A note on fast weights: do they really work as advertised?

In fields where one cannot prove one’s claims mathematically, it is immensely important to be as rigorous as possible. Among other things, this implies considering all plausible alternative hypotheses to one’s own hypothesis and making sure that the results cannot be explained by those alternative hypotheses.  People working in experimental fields are usually quite careful about this. Machine learning is also, by and large, an experimental field (in the sense that usually one cannot prove one’s claims with mathematical rigour), so similar standards of experimental rigour should apply there as well.

I was reminded of this when I was re-reading the “fast weights” paper by Ba, Hinton et al. In this paper, they extend the standard vanilla recurrent neural network architecture with some form of Hebbian short-term synaptic plasticity. This Hebbian connectivity maintains a dynamically changing short-term memory of the recent history of the activities of the units in the network. They call this Hebbian connectivity “fast weights” as opposed to the standard “slow” recurrent connectivity.

If I haven’t made a mistake, the equation governing the model can be condensed into the following form (I’m assuming that their inner loop of Hebbian plasticity is unrolled for one step only, i.e. S=1):

\mathbf{h}_{t+1} = f\Big( \mathcal{LN}\Big[\mathbf{W}_h \mathbf{h}_t + \mathbf{W}_x \mathbf{x}_t + \big(\eta \sum_{\tau=1}^{\tau=t-1}\lambda^{t-\tau-1}\mathbf{h}_\tau \mathbf{h}_\tau^{\top}\big) f(\mathbf{W}_h \mathbf{h}_t + \mathbf{W}_x \mathbf{x}_t) \Big] \Big)

where \mathcal{LN}[\cdot] refers to layer normalization. The fast weight matrix here is given by the Hebbian matrix \eta \sum_{\tau=1}^{\tau=t-1}\lambda^{t-\tau-1}\mathbf{h}_\tau \mathbf{h}_\tau^{\top}.
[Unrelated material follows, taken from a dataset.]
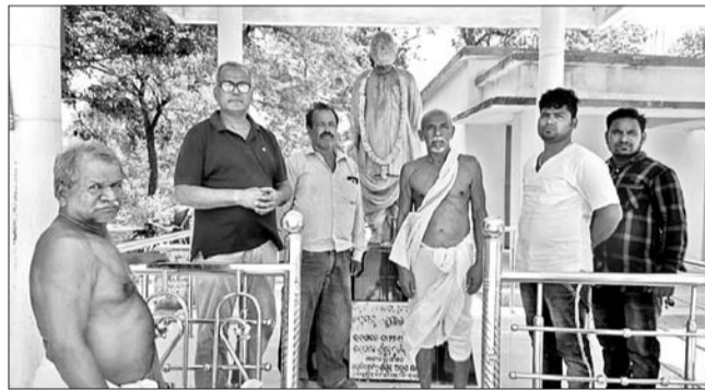
ଜନନେତା ପ୍ରସନ୍ନ ପଣ୍ଡାଙ୍କ ପ୍ରତିମୂର୍ତ୍ତିରେ ପୁଷ୍ପମାଲ୍ୟ ଅର୍ପଣ କରାଯାଇଛି।

ବାଧକ ପାଲଟିଛି। କିଏ ଚିକେଟ ହରାଇବା ଭୟରେ ପାର୍ଟି ଖୋଲୁନି ତ ଆଉ କେହି କେନ୍ଦ୍ରୀକରଣ ହୋଇ ରହିଲେ ରାଜ୍ୟର ସାମଗ୍ରିକ ବିକାଶ ସମ୍ଭବ ହେବନି। ସ୍ଵାଧୀନତାର ୭୦ବର୍ଷ ପରେ ବି ପଶ୍ଚିମ ୧୬ଶହ କି.ମି. ରାସ୍ତା ଅତିକ୍ରମ କରିବାକୁ ପଡିବ। ଦିନକୁ ୫୦କିମି ରାସ୍ତା ଅତିକ୍ରମ କରିବାକୁ ଲକ୍ଷ୍ୟ ରହିଛି। ୩୦ରୁ ୩୫ ଦିନ ମଧ୍ୟରେ ଦିଲ୍ଲୀରେ ପହଞ୍ଚି ପ୍ରଧାନମନ୍ତ୍ରୀ ନରେନ୍ଦ୍ର ମୋଦିଙ୍କୁ ଭେଟି ଦାବି ଜଣାଇବେ। ତାଙ୍କର ଦୃଢ଼ ବିଶ୍ଵାସ ରହିଛି ଯେ ପ୍ରଧାନମନ୍ତ୍ରୀ ତାଙ୍କ ଦାବିକୁ ଗୁରୁତ୍ଵ ଦେବେ। କୋଶଳ

The authors show that this model performs better than a number of other recurrent models in a couple of tasks. They seem to think that the Hebbian fast weight matrix is crucial (and mainly responsible) for the superior performance of the model. However, there are two obvious controls that are sorely missing in the paper and that makes a fair assessment of the contribution of fast weights difficult. First, the model has more depth than the standard architectures (note the nested f(\cdot)s in the equation above), so maybe there’s nothing special about the Hebbian fast weight matrix, rather the advantage is mainly due to the added depth. This could be tested by replacing the Hebbian matrix by another matrix, e.g. a random, fixed matrix or the identity matrix. In this connection, it’s interesting to observe that the authors chose this fairly complicated architecture rather than simpler ways of incorporating a Hebbian component to the recurrent connectivity, for example something like this:

\mathbf{h}_{t+1} = f\Big( \mathcal{LN} \Big[ \big[\mathbf{W}_{h} + \eta \sum_{\tau=1}^{\tau=t-1}\lambda^{t-\tau-1}\mathbf{h}_\tau \mathbf{h}_\tau^{\top} \big] \mathbf{h}_{t} + \mathbf{W}_{x} \mathbf{x}_{t} \Big] \Big)
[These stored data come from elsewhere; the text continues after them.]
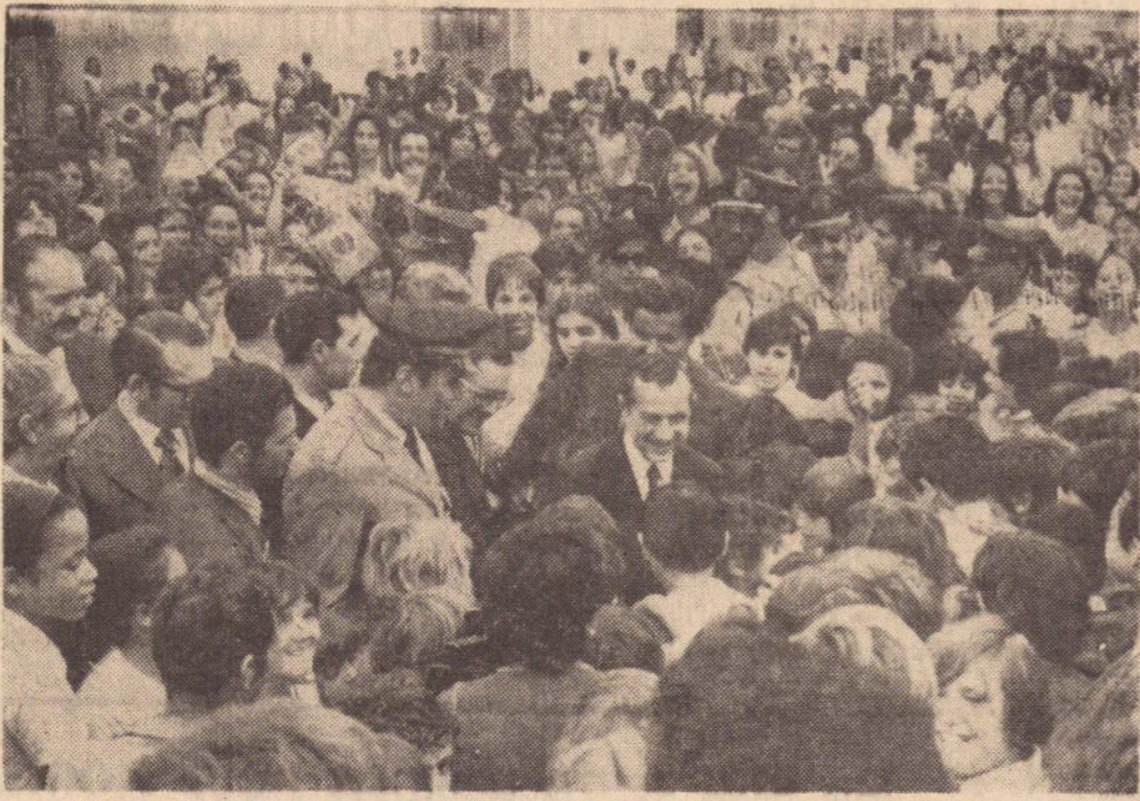
Laudo Natel, recebido por inúmeros populares, na Ponta da Praia, em Santos.
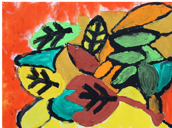
Jure Kapun, 5. a
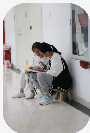
岁月缝缝,葳蕤生香
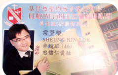
45周年特別版學生證

今年是堅樂中學的四十五周年，我們感恩四十五年來上帝的恩典豐富。回顧過去，學校校舍簡陋，資源貧乏，但學校卻有一群充滿愛心的老師，一直以捨己的精神，將優質教育帶給學生，讓學生有豐盛的生命。多年來，學校面對很多挑戰，但我們不斷經歷上帝的恩典，祂帶領學校走過不少崎嶇的道路，直到今天，上帝仍然看顧堅樂中學。
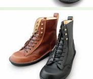
G9920Y ¥30,800 カラー ブラック ダークブラウン ブラウン
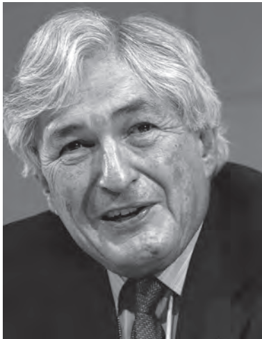
James D. Wolfensohn, Presidente del Banco Mundial 1995–2005

No hay duda de que la corrupción es tema preeminente en el mundo actual. En prácticamente todos los países, uno lee a diario en los periódicos alguna noticia de corrupción. De acuerdo a encuestas realizadas entre 2014 y 2016, ha sido considerado el problema más serio y el tema más hablado en todo el mundo. 1 En la Argentina, mi país de origen, como en tantos otros países latinoamericanos, es noticia de todos los días. La corrupción es un fenómeno universal que afecta a personas, instituciones y naciones. No es particular de ningún grupo de individuos, cultura o país. Todas las sociedades la padecen, aunque de distintas formas e intensidades. Es una enfermedad social, un virus que ataca las estructuras y cimientos vitales que permiten que una sociedad funcione y se desarrolle política, económica y socialmente. No asombra que haya atraído la atención de organismos internacionales, políticos, activistas y académicos.
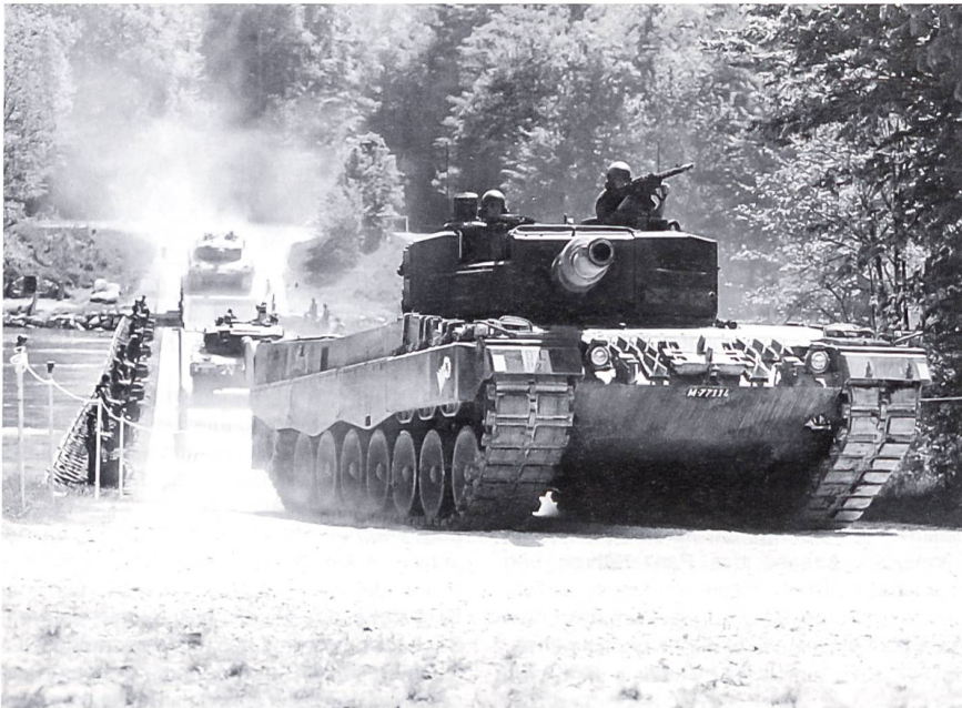
Nach Überqueren der erstellten Brücke.

det. Im Q-Gebäude mit all den Simulatoren wird das «Handling» des zukünftigen Arbeitsplatzes trainiert und im Zielhang mit 27-mm-Übungsmunition angewandt. Es ist eindrücklich, was man als Rekrut bei dieser Panzerkompanie in diesen ersten 10 Wochen alles erlernt. Eine Panzerbesatzung, bestehend aus drei Rekruten und einem Korporal, kann bereits situationsgerecht handeln und ist bereit, sich in den folgenden vier Wochen Verlegung zu behaupten. Kpl Buholzer
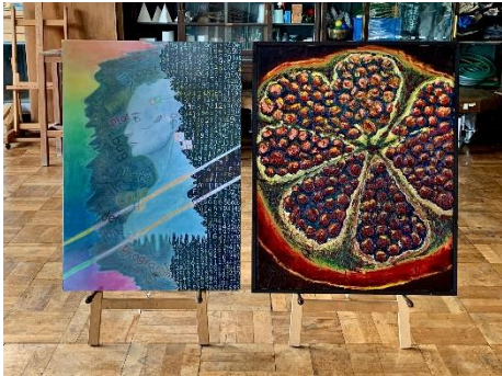
東濃地区高校美術展 出品_ 8月
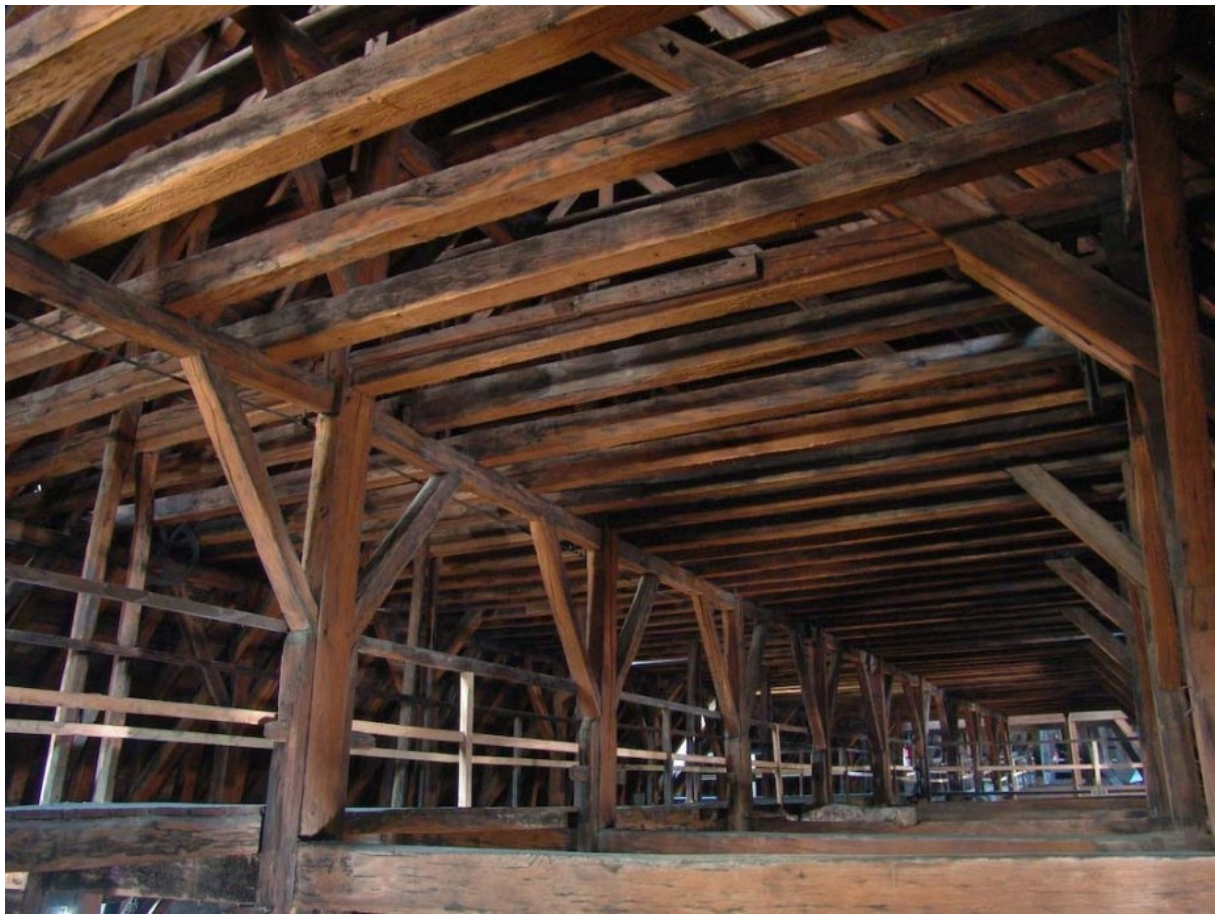
Cathédrale Notre-Dame de Paris, charpente de la nef.

Suite à l'émotion suscitée par l'incendie de Notre-Dame, de nombreux commentaires contradictoires ont circulé à propos de la charpente disparue, des bois qu'il fallait sécher plusieurs années pour être utilisés et des forêts entières qu'il fallait raser pour la construire ou la reconstruire. Il est donc utile de faire un état des connaissances sur la charpente et les bois utilisés à Notre-Dame au XIIIe siècle ainsi que sur les possibilités de reconstruire une charpente en bois selon les techniques en vigueur au Moyen Âge.

which doesn’t increase the effective depth and would in fact be closer to the biological idea of short-term synaptic plasticity (this, in fact, appears to be how fast weights were originally defined in Hinton’s old “fast weights” paper). This may be because they tried something simple like this and it didn’t work well, so they found the added complexity necessary. But then it would be important to understand why fast weights don’t work in this simple context and require the more complicated machinery.

Secondly, layer normalization by itself improves the performance of vanilla recurrent networks, so we know that part of the improvement is due to normalization, again the question is how much. The necessary control to run here is a vanilla recurrent network with layer normalization.

I’m currently working on running these (and some other) controls, so I should hopefully have some answers to these questions soon.